The Royal Opera House in London had planned Offenbach’s Les Contes d’Hoffmann, Händel’s Ariodante and Janaček’s Věc Makropulos among its offerings for the fall season, but the company has yet to announce if and when it might reopen. And just this week ROH chief executive Alex Beard said the company will "not last beyond autumn with current reserves."

The Paris Opera was forced to cancel new productions even before the pandemic amid a series of strikes in the French capital. Between December and January, the company cancelled more than 70 performances and lost about 15 million euros. It expects to lose another 40 million euros as a result of the COVID-19 pandemic. The company's two venues, Palais Garnier and Opera Bastille, are hoping to re-open in the fall, but the schedule could be heavily disrupted according to the company’s general director, Stéphane Lissner.

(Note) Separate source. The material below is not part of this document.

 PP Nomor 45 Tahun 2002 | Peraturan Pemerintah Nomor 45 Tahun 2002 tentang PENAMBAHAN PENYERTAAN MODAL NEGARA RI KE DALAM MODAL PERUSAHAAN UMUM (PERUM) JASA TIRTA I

“It’s impossible to attract 2,700 people and respect distancing. It’s impossible to maintain distances in the orchestra, the chorus… It’s impossible. We are waiting on a vaccine, medication… Maybe the virus disappears. We have to be optimistic,” said Lissner.

Germany's legendary Bayreuth Festival has been cancelled for this summer and patrons are being reimbursed or can use the tickets for the 2021 festival.

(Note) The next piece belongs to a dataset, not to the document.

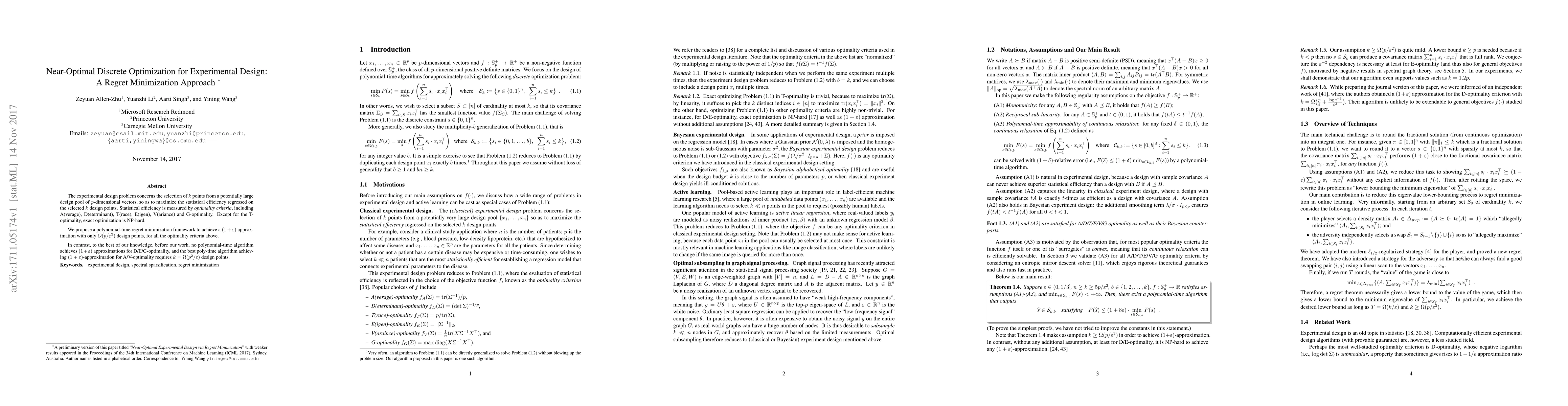 The experimental design problem concerns the selection of k points from a potentially large design pool of p-dimensional vectors, so as to maximize the statistical efficiency regressed on the selected k design points. Statistical efficiency is measured by optimality criteria, including A(verage), D(eterminant), T(race), E(igen), V(ariance) and G-optimality. Except for the T-optimality, exact optimization is NP-hard. We propose a polynomial-time regret minimization framework to achieve a $(1+\varepsilon)$ approximation with only $O(p/\varepsilon^2)$ design points, for all the optimality criteria above. In contrast, to the best of our knowledge, before our work, no polynomial-time algorithm achieves $(1+\varepsilon)$ approximations for D/E/G-optimality, and the best poly-time algorithm achieving $(1+\varepsilon)$-approximation for A/V-optimality requires $k = \Omega(p^2/\varepsilon)$ design points.

The lockdown of concert halls and opera houses, cuts in air travel and other restrictions have devastated careers and livelihood of artists worldwide. Star tenor Jonas Kaufmann started a petition in April, calling on European politicians to support the performing arts. “What is Germany, for example, other than language, culture, art, architecture, music and…well, also football ? This is the essence of our society. If you destroy that, what is left?” said Kaufmann.

European arts organizations can actually count on some financial support from the state, since culture in Europe is generally considered essential to a personal well-being. Germany, for example, approved an initial relief package of $54 billion for freelance artists and businesses in the cultural, creative, and media sectors at the end of March. Cultural ministers of all 16 states are now asking Berlin for additional funds to keep culture alive and thriving.

That idea is strange to the U.S. political establishment, which has been steadily cutting down funds for art institutions and education for decades, making art dependable on rich donors. There is no doubt, however, that American arts organizations, especially opera companies large and small, will survive the pandemic thanks to determined performing art professionals and their passionate audiences.

“Our mission is to draw our community together through opera, a unique blend of music and drama that speaks to the mind and spirit—especially in difficult times like these,” Seattle Opera's Scheppelmann said.